62443-4-2: Technical Security Requirements for IACS Components
This section lists SRs and REs for Product Suppliers to follow to provide built-in security that matches the four Security Levels listed previously. These requirements are applicable to components, embedded devices, software applications, host devices, and network devices.
This is the start of an effort to provide “built-in” security for control system equipment, even including things like PLCs and communication modules. Not all equipment vendors have begun to meet this standard yet, but some already have. As it develops, it will provide a common baseline functionality for all types of devices going forward. Formerly known as “Achilles Certification,” the lab providing certification for this standard has been acquired by GE. A list of certified products is available on their website.
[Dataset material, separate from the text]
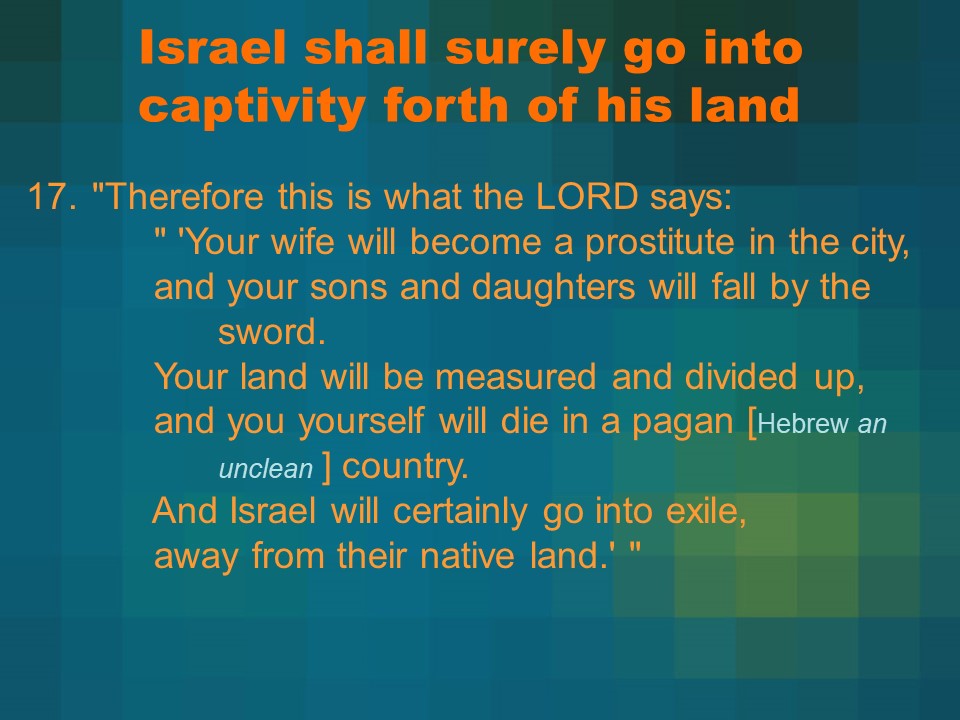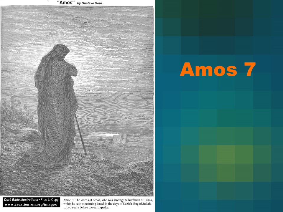 Amos 7. The prophet had a vision of the Locusts, a vision of fire and a vision of the plumb Line. Amaziah told Amos not to prophesy bad things, but that is why Amos, a poor shepherd, was called.

Cybersecurity and Infrastructure Security Agency (CISA)
Finally, the Cybersecurity and Infrastructure Security Agency (CISA) also has a vast assortment of resources available to help identify threats, protect your system, respond to and recover from attacks. The CISA also offers a range of assessment services that evaluate an organization’s cybersecurity practices and resilience.
For example, CISA offers a self-assessment tool called the Cyber Resilience Review, which is useful as a starting point for you to complete yourself. They also offer a free Validated Architecture Design Review (VADR), which evaluates your systems, networks, and security services to determine if they are designed, built, and operated in a reliable and resilient manner.
They even offer free on-site visits from their experts to conduct cybersecurity reviews at your facility. If you participate in the CISA assessment process, they will provide confidential recommendations and plans. The entire range of services available on their website.
A comprehensive and consistent set of resources is available to help control system engineers respond to the cybersecurity challenge. A good first step for anyone trying to safeguard their system is to become familiar with the guidance and standards published by NIST, IEC, and CISA.
Following the guidance available from the sources in this article may help select and implement the most effective security measures to provide the defense-in-depth strategy that experts recommend for your system.